My daughters just turned 13 in June.  I’ve been told by countless parents that the journey from here to 16 is fraught with peril.  Occasionally I can see that future, but not today.  Today my kids still think I am funny and smart, and mostly like being around me.  We have fun together.  They make just about anything I’m doing more fun.  They still have some innocence and at the same time show flashes of wisdom that make me shake my head at how amazing they are going to be as women.

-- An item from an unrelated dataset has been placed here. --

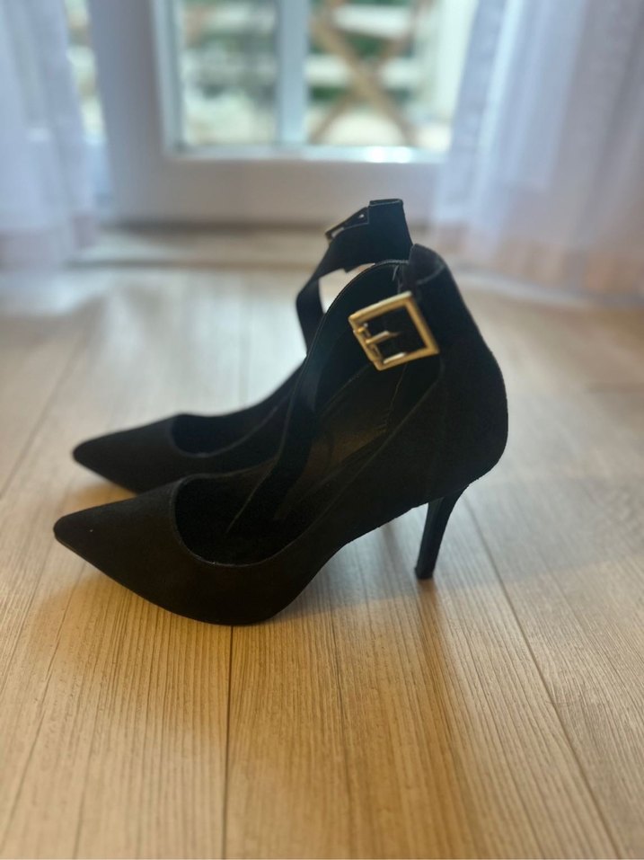 Siyah süet, sivri burunlu ve tokalı bilek kayışlı stiletto topuklu ayakkabılar. Romantik akşamlar için cesur bir seçim.

After the first day of school, I took Sophie to Five Guys and we just hung out and ate dinner together and talked about our days.  It was simple, and sweet, and lovely.

My father too is in one of these phases where I recognize that things are about as good as they are going to get.  There are more bad days than there used to be and some things that I do for him make me a die a little every time.  I wish I didn’t feel that way, but I do.  And yet I know the glass is still half full.  Many blogs about caregiving are written by women, mostly older than I am, who are caring for very sick parents who need help with the basics, who can’t remember who they are, or are fighting terrible diseases.   Much of my time as a Sandwich Generation son is spent just talking, or fixing modest technical issues with his iPad.  Last Sunday afternoon we hung out and watched the US Open final, like we have for almost 40 years now.  It makes me feel like a kid again and so happy that I still have my father.  It was simple, and sweet, and lovely.

In the back of my mind, I know different days are ahead.  The moments will come in those relationships when I know they are going to change.  As the lyrics go, though – that’s a song for another time.